Suddenly, he lowered his eyes and fastened them on the pot. He frowned deeply and tipped his hat low, shading his face. Nonchalantly as he could, he got up and went into the tent.

When Ennis got back he looked for Jack then came in too. Jack pulled him down, hand over Ennis’s mouth. Ennis shook him off. ‘Quit actin’ like a damn-fool girl, Jack.’

‘They were kissin’, Ennis! I swear to God, Martin bent down and kissed him, an’ I’m sayin’ tongues, if you get my meaning.’

‘Maybe it were wishful thinking on your part, friend.’

Jack didn’t dignify this with a reply. He flung himself down and folded his arms under his head. ‘I never thought to see it.’

Ennis glanced at him and wanted to say something about it being unnatural but as he was considering doing the exact same thing himself, he realised he was on shaky ground. ‘Ain’t right.’ Was all he allowed.

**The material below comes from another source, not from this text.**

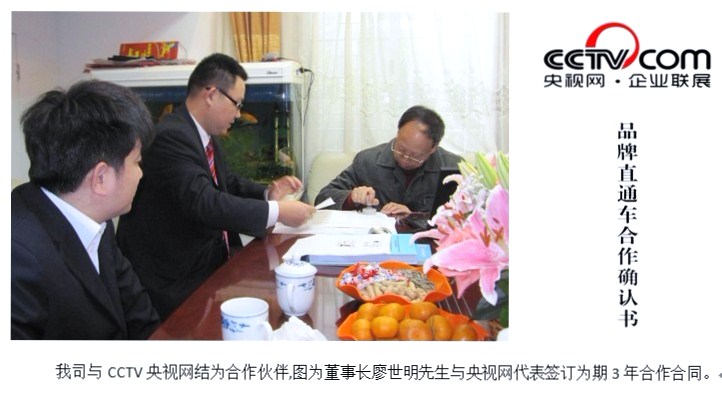 2012年4月8日,我司与CCTV央视网结为合作伙伴,图为董事长廖世明先生与央视网代表签订为期3年合作合同。
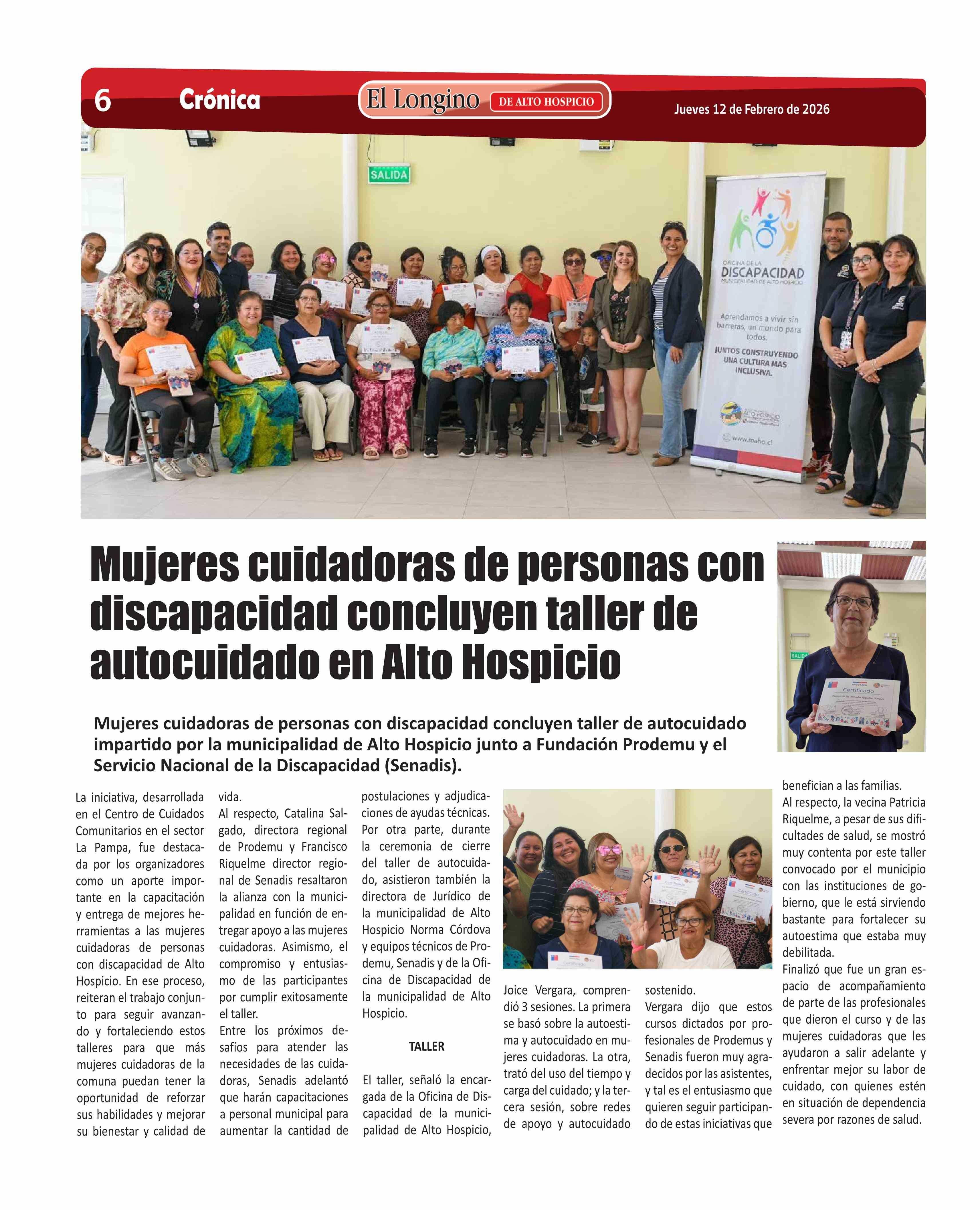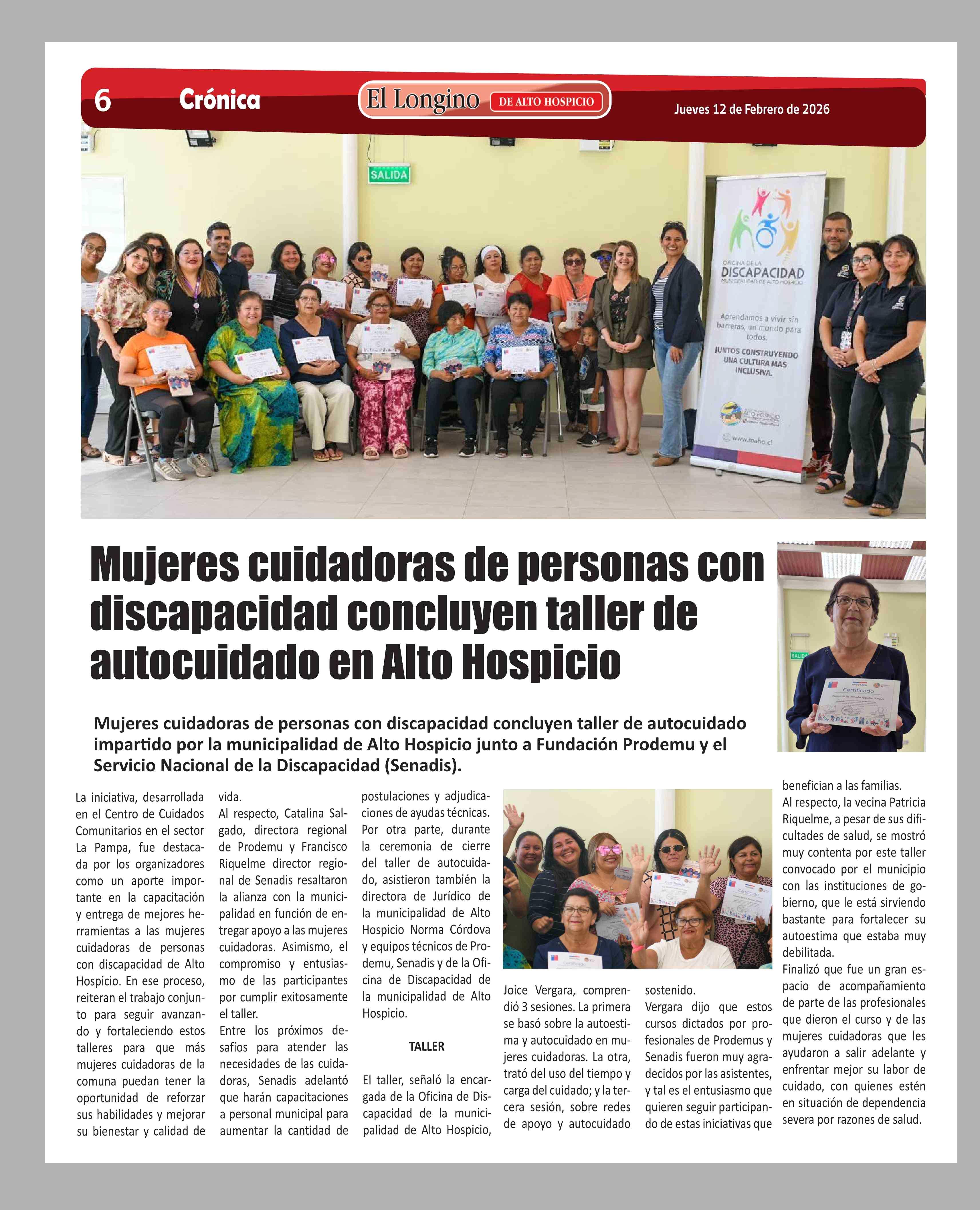 Mujeres cuidadoras de personas con discapacidad concluyen taller de autocuidado en Alto Hospicio 12-02-2026 El Longino |

Jack raised an eyebrow. ‘Don’t know about that. Sure made me….’ He pulled Ennis down and showed him exactly how it made him.

* * * * * * *

Supper was a surprisingly relaxed affair. When Martin sat down, he swung his leg around Toby’s back and sat behind him. ‘Does anyone around here mind?’

Toby obviously didn’t. Jack couldn’t have looked happier. Ennis was over with the horses, and by the time he’d thought of a way to say he did, it was too late. Three against one and the meal went off like they were old friends. They steered clear of one subject, however, mainly because Ennis’s face darkened every time the conversation strayed to personal matters.

Whisky bottles were produced. Jack was eyeing the newcomers with something akin to envy. He and Jack sat like that when they were on the mountain. Didn’t seem right to him that he had to sit by his lonesome. He glanced at Ennis and recoiled at the look that was shot back.

Ennis stood up. ‘I’m turning in.’

No one else stirred. Jack refused to catch his eye, so he stomped off by himself.

Toby lifted his face to the firelight. ‘Your brother have a problem with us?’

Jack spluttered his drink, but it was Ennis’s place to say what was wrong, not his. ‘How long you two known each other?’

Martin laughed. ‘A lifetime. It’ll be six months tomorrow. Hence the trip.’

‘Six months?’

Toby nodded. ‘I know, hard to believe, isn’t it? Longest anyone we know has made it.’

Jack glanced at the tent. ‘Do you… live together?’

Martin nodded. ‘We’re both out.’

Jack pondered this for a while, not sure that he understood, afraid that he did only too well. It cheered him up to know that Ennis would have asked, ‘Out of what?’

He felt an overwhelming need for Ennis and rose, making his excuses. Just before he left the circle of firelight, Jack mumbled, ‘It ain’t that Ennis is down on you. He’s just a real private person. Don’t want you to think that. You kin enjoy yourselves up here. This is Brokeback.’ He nodded goodnight, added that they weren’t to go too far from the camp to piss, and climbed into the tent, sealing the flap behind him.

He pulled off his boots and tucked up alongside Ennis. ‘You still sulking or should I stay awake hopeful like?’

Ennis grunted. ‘You sure like talkin’ to our new friends out there.’

‘Ain’t you curious?’

‘’Bout what?’

‘Jesus, Ennis. We got ourselves two live homo-sex-uals out there. Think of all the things they could tell us!’

‘What you need to know, cowboy, I remember you picking up real quick with no questions needed.’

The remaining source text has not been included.